A ello hay que sumar que dicha personalidad es ya de por sí compleja y problemática: del antiguo Hogancamp se sabe que era un alcohólico con tendencia al travestismo; del actual, más allá de conservar su fetichismo por ciertos artículos de mujer (zapatos, medias), se percibe claramente una desarmante benevolencia de carácter, donde prima la ingenuidad y la honestidad, pero donde también puede caber cierta misoginia y hasta ciertas pasiones reprimidas y no del todo aclaradas. Todo esto, con la carga freudiana y psicoanalítica que se quiera, se plasma en Marwencol (la ciudad), que acaba siendo una muestra inmejorable de arte enajenado, como en su día pudo serlo el de Henry Darger. Como se apunta en un momento determinado del film, el poder de las fotografías que toma Hogancamp se desprende de su autenticidad, de su absoluta falta de ironía: no es un autoconsciente ejercicio de arte pop, sino una creación inconsciente de su propia naturaleza artística. La película explora con inteligencia el tránsito invisible que va de la actividad terapéutica a la pura pulsión creativa, aquí cimentada en una obsesiva atención al detalle que genera imágenes extrañas e imborrables.

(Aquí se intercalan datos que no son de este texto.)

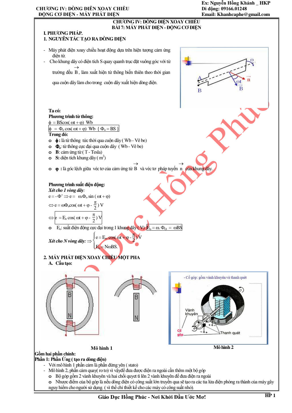 Chuyên đề Dòng điện xoay chiều Máy phát điện - Động cơ điện.pdf

Finalmente, la película plantea un inquietante juego de espejos entre realidad y ficción. El modo en el que Hogancamp introduce traumáticas experiencias del pasado en la narrativa ficticia de Marwencol sugiere la posibilidad de un universo paralelo en el que puedan satisfacerse aquellos deseos que no fructifican en la vida real. Su autor, así, concibe una imagen de sí mismo y de aquellos que le rodean acorde a sus propios intereses y necesidades, obviando el hecho de que más allá de esa burbuja en la que Marwencol se halla atrapada esa realidad no tiene validez. Y, sin embargo, la misma aporta serenidad y plenitud al protagonista, que, aclarémoslo, es alguien cuerdo y consciente de los límites entre lo ficticio y lo verdadero, por mucho que juegue a estirarlos y distorsionarlos agresivamente. La prueba está en una coda final absolutamente fascinante, en la que su alter ego en Marwencol (un soldado igualmente agredido, como él en la realidad, por un grupo de individuos) decide… ¡crear una maqueta de una ciudad imaginaria para sobrellevar el trauma de la golpiza! Y ahí tenemos al muñeco-alter ego de Hogancamp creando a su vez a su propio muñeco-alter ego: la ficción convertida en una inquietante matroska y Malmberg pasando de Freud a Borges en un imprevisto giro de los acontecimientos, añadiendo un vértigo existencialista insólito a una película que ya era de por sí extraña y desconcertante.